Moreover, they see not only that the advantages of agricultural locations may be nicely equalized by this method, but that it will work to a certainty in any state of society, insuring always and under all conditions equality of opportunity in the use of the earth.

Our conception of property rights must be modified if our civilization is to endure. What a man makes he may safely be allowed to keep or sell as he chooses. Rut we must come to see that land is different. Possession of the land should be made conditional upon its economic use. There is no way to accomplish this but to make land values the exclusive subject of taxation.

An official of the United States Steel Corporation claimed before a committee of Congress that his people owned sixty thousand acres of one coal field, and that in view of the fact that they had a monopoly of it, its value was sixty thousand dollars an acre.

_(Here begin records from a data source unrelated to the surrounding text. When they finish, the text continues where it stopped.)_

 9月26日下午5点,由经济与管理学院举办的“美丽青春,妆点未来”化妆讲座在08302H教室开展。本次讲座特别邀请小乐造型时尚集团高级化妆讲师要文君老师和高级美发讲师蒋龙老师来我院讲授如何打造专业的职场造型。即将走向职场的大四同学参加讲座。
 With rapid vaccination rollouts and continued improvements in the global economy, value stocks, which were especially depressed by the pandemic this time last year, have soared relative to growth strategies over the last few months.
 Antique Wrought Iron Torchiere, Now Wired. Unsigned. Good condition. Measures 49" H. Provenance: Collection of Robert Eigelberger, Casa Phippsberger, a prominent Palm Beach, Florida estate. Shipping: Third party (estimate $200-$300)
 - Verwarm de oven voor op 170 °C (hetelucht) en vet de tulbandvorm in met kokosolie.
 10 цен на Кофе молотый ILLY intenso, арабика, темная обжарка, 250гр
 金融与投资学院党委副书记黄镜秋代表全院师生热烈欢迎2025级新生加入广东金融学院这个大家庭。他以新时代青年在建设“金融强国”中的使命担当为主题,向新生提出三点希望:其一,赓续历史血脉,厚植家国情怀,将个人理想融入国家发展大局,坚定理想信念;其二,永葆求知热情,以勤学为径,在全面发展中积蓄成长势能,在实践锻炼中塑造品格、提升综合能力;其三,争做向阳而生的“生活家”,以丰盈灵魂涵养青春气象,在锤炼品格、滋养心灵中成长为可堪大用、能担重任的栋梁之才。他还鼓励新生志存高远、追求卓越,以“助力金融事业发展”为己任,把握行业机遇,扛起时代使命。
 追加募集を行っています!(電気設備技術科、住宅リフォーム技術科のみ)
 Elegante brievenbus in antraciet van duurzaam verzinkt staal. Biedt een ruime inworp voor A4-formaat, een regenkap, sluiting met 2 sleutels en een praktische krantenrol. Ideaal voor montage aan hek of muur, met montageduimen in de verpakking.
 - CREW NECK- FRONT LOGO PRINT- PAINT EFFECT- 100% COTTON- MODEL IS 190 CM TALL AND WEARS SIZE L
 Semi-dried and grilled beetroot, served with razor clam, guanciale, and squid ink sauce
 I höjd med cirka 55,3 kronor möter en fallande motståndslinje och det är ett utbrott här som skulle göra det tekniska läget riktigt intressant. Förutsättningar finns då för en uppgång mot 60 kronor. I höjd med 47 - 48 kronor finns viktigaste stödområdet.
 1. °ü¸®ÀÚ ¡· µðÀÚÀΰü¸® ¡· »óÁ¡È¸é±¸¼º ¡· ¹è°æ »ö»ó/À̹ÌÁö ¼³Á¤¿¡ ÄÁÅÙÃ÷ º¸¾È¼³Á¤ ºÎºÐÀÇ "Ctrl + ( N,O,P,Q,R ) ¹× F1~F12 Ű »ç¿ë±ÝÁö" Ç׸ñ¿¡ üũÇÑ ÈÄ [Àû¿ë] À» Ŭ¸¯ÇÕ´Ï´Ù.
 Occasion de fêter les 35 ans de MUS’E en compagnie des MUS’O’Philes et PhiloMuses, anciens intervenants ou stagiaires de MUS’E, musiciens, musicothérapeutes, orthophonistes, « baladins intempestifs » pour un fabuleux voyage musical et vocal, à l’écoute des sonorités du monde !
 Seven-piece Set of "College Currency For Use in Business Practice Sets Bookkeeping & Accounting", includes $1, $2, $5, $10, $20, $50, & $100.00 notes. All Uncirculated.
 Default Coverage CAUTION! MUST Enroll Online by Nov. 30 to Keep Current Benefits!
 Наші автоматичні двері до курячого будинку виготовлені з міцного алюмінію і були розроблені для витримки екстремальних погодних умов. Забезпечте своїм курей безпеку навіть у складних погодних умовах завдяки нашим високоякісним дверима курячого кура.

If premiums of location were treated as public property and these people were required to pay the annual value, it would amount, at five per cent, on their own valuation, to $18,000,000 a year. Would they have been able to agree to pay Mr. Carnegie his $16,500,000 a year if their monopoly power had been taxed out of existence? The taxation of monopoly is the life of trade. Steel would have been cheaper. Industry would have remained more democratic. And we should have had our libraries just the same; only they would have been public libraries and monuments of social justice and civic self-respect.

A land syndicate in the West boasts that it can drive cattle from Arizona to Oregon and camp every night on its own land. The children of San Francisco's slums would discover a continent to the east of them, and the hope of homes would make the nation young again, if that big land syndicate and all little ones everywhere were required to pay to the community for holding land out of use what others are willing to pay for using it.

Here is the law that Henry George discovered. Taxation is not necessary until men come together in communities; but the presence of the community creates a social value, the value of the land, a value that grows with the community's growth, keeping pace with the growing need of public revenue.

As Henry George would say, the accumulating land value of a community is just as clearly God's provision for the growing needs of that community as the milk in the mother's breast is God's provision for the babe in her arms.

Could we hope for the health of the babe if we were to snatch it from its mother's breast? As there is a God in heaven, we shall never have social health until we learn to do justly and to love mercy and to keep the laws of social well-being.

For the ordinances of Jehovah are true and righteous altogether. More to be desired are thev than gold, yea, than much fine gold. Moreover, by them is thy servant warned: In keeping of them there is great reward.